The report of the trial judge

In his report the trial judge says the following:

"It seemed to me that on such evidence it was a purely jury question whether the appellant by using her own weapon was liable also for what Welsh did. She was beside Welsh and in my opinion I posed the correct test to the jury. The words I used echoed those of her own counsel who in addressing the jury said the test was ' ... did she know or should she know ... ' that Welsh was using a knife (according to my note).

At the end of the Crown case there was no submission made for Peden that there was no case to answer. To the jury it was never suggested that there was no sufficient evidence and that matter is not raised in the Note of Appeal.

In my opinion I posed the correct test at page 31 of the Charge ... "

Conclusions

In our opinion, the trial judge misdirected the jury on the question of concert. The appellant could be convicted on this libel only if she actually knew that Welsh had the knife (cf. McKinnon v HM Adv, 2003 SLT 281). The directions of the trial judge were to the effect that even if the appellant did not know that Welsh had the knife, the jury could nonetheless convict her as libelled if they considered that she ought to have known that he did. That is not the law. We think that the trial judge perhaps had in mind the idea that the circumstantial evidence was such that the jury were entitled to infer that the appellant must have known that Welsh had a knife (cf. Charge, p. 40, supra). That would have been an inference of actual knowledge. But the directions that we have quoted implied that the jury could convict even if they found that the appellant did not have such knowledge.

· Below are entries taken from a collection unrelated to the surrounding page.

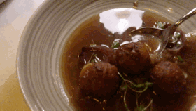不同于传统中奶酪位于碗口焗烤上桌的摆盘方式,将陈年车达奶酪做成类似于甜甜圈或是丸子模样,咸香酥脆,配上烤香红葱头与consommé法式清汤,口感清爽明亮。
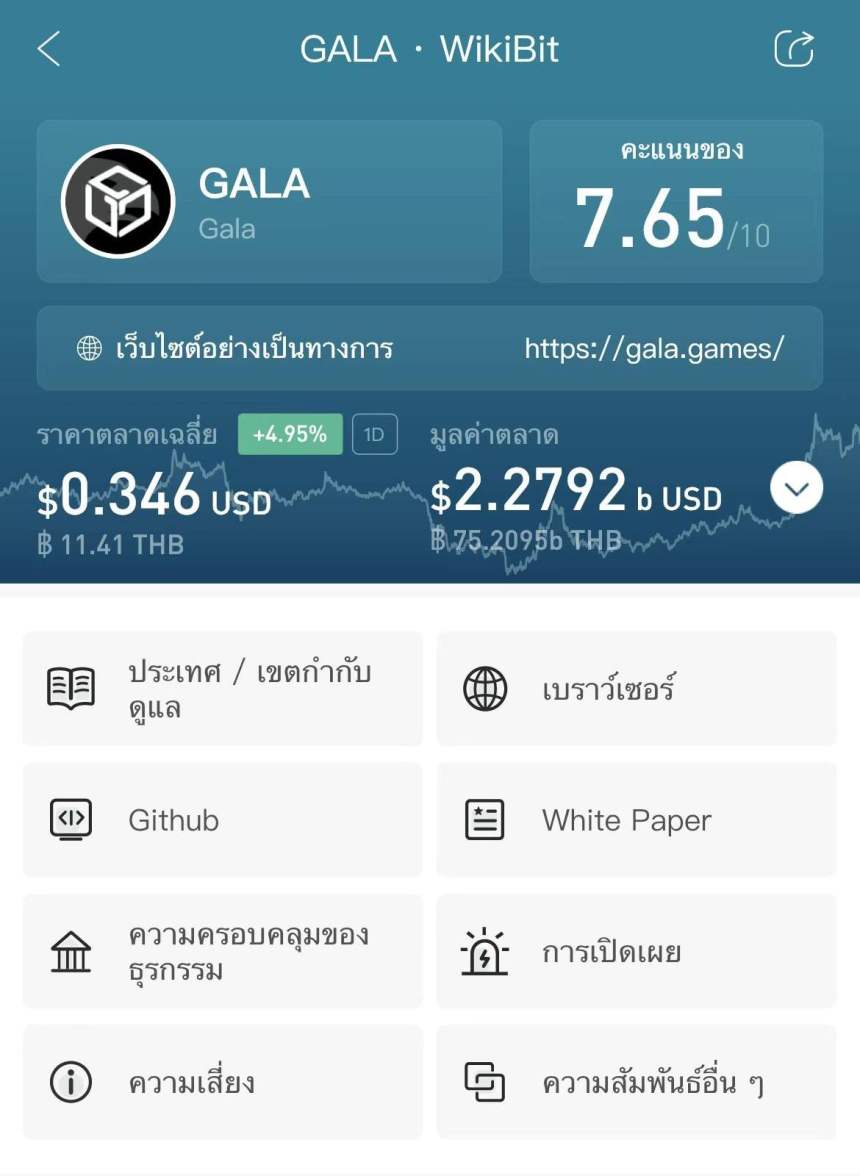 แอปพลิเคชัน WikiBit เป็นแอปตรวจสอบข้อมูลเหรียญคริปโต ซึ่งเหรียญ Gala ได้คะแนนความน่าเชื่อถือสูงถึง 7.65 / 10 คะแนน และมูลค่าการซื้อขายใน 24 ชม.ที่ผ่านมาสูงถึง 2.4 พันล้านบาท บ่งบอกถึงความฮอตฮิตของเหรียญนี้อย่างมาก ถ้าคุณอยากอ่าน White paper ฟรีของเหรียญ Gala สามารถดูได้ผ่านแอปพลิเคชัน WikiBit ได้เลย
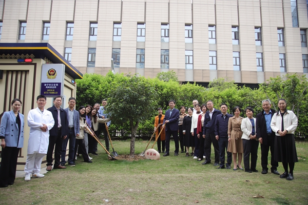 与会专家、领导在医院门前的“专家树”合影留念。
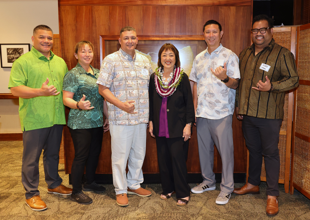 Maui County mayoral candidate Yuki Lei Sugimura (center, right) poses for a photo with Dione Kalaola, (from left) Trisha Taketa, Eric Reiny, Travis Murakami and Mark Anthony Clemente.
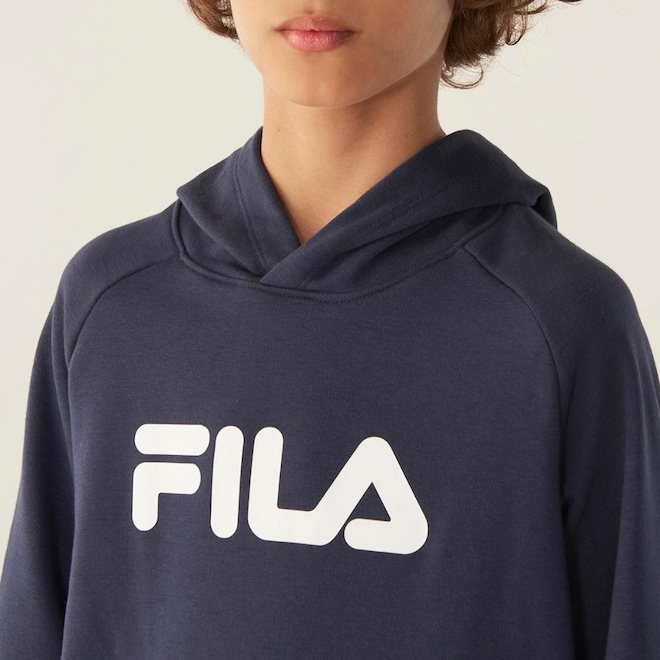Casaco com capuz feito em moletom de algodão com poliéster na modelagem regular. Possui capuz ajustável, bolso canguru e acabamentos em ribana. Com os certificados OEKO-TEX e BCI, é sustentável e livre de químicos nocivos. A estampa centralizada FILA no peito completa o design atemporal.
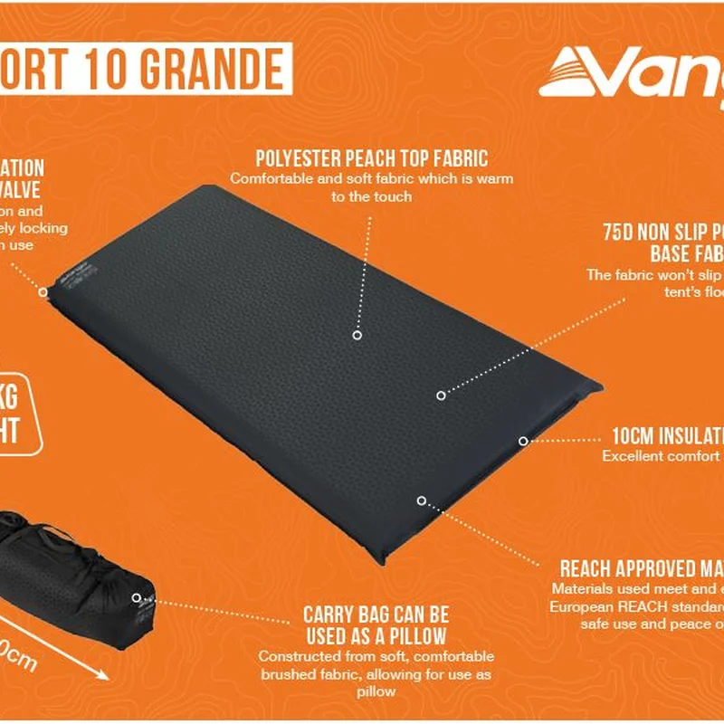 Vango Comfort 10 Grande Shadow Grey (SMQCOMFORS32M1O) - розкішний одномісний самонадувний килимок зі стильним флокованим верхом і міцною нековзною основою, відрізняється неперевершеним комфортом і зручністю. За допомогою клапана Cyclone Flip Valve надування і спуск повітря відбувається набагато швидше та простіше, ніж при використанні традиційних клапанів: просто відкрийте клапан та спостерігайте, як килимок розширюється. Віддаєте перевагу більш жорсткому килимку, тоді додайте трохи повітря. Після нічного сну великий отвір клапана Cyclone Flip Valve сприяє швидкому виходу повітря із килимка, що спрощує його упаковку.
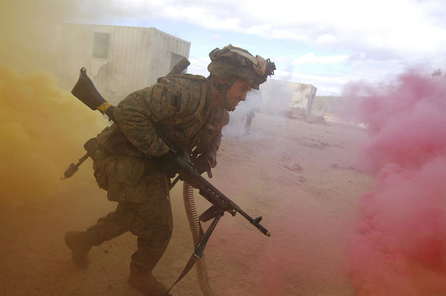 7月22日,澳大利亞羅克漢普頓,美國海軍陸戰(zhàn)隊(duì)與澳大利亞士兵參加“馬刀附身符行動”聯(lián)合巷戰(zhàn)軍事演習(xí)。此次演習(xí)的目的旨在提高兩國軍隊(duì)的巷戰(zhàn)作戰(zhàn)能力及美澳之間的協(xié)同作戰(zhàn)水平。
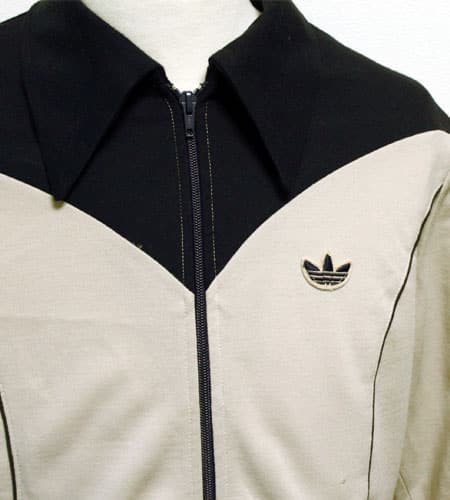 着丈65cm、身幅50cm。OPTIジップを使用。70年代、西ドイツ製、アディダスのニットジャージです。カラーは紺×ベージュになります。大きな襟が70年代独特の雰囲気を醸しだしています。シルエットが綺麗で、デザインも洗練されているので、ドレススタイルにもハマりますね。
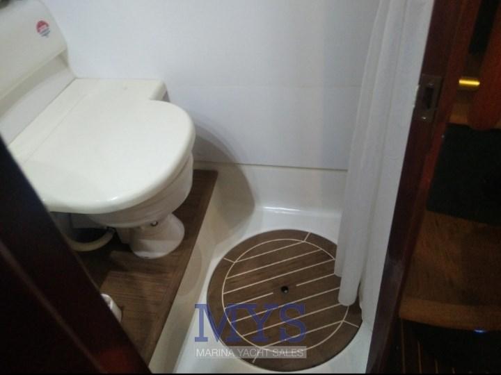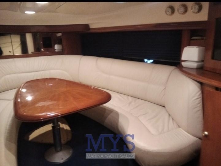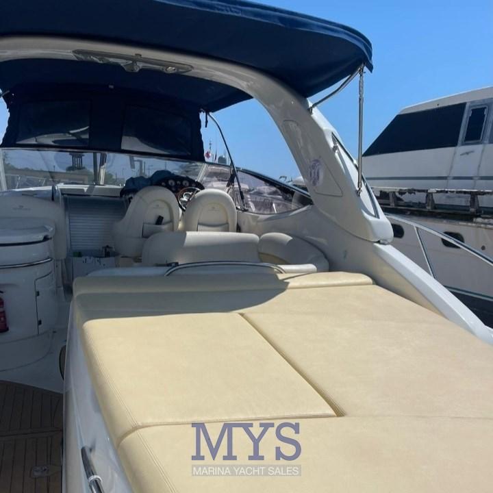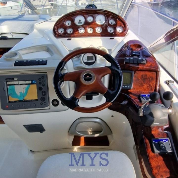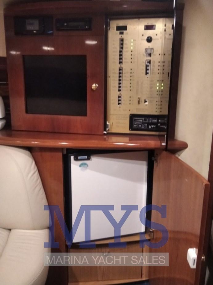 Alarme moteur, Ouverture du compartiment moteur électrique, Eau sous pression, Douche de cockpit, Phare de poursuite, Flaps hydrauliques, Garage à annexe, Extincteur(s) fixe(s), Indicateurs de flaps, Lavabo dans le cockpit, Éclairage de courtoisie, Spots sous-marins, Passerelle, Plateforme arrière, Pompe de cale automatique, Cockpit en teck, Prise de quai, Rollbar, Guindeau électrique, Echelle de bain, table de cockpit, Table pliante de salon, Corne.

Since we cannot exclude the possibility that the jury may have convicted on the basis of what the appellant ought to have known, rather than what she actually knew, as to Welsh's possession of the knife, we consider that the misdirection in this case has resulted in a miscarriage of justice.

Decision

We have therefore allowed the appeal, quashed the conviction and sentence, and substituted a conviction of guilty under deletion of the words "repeatedly strike him on the head and body with a knife and" and the words "all to his severe injury, permanent disfigurement and permanent impairment". We have substituted a sentence of 11 months imprisonment, backdated to 18 February 2002, the effect of which will be the appellant will be released immediately.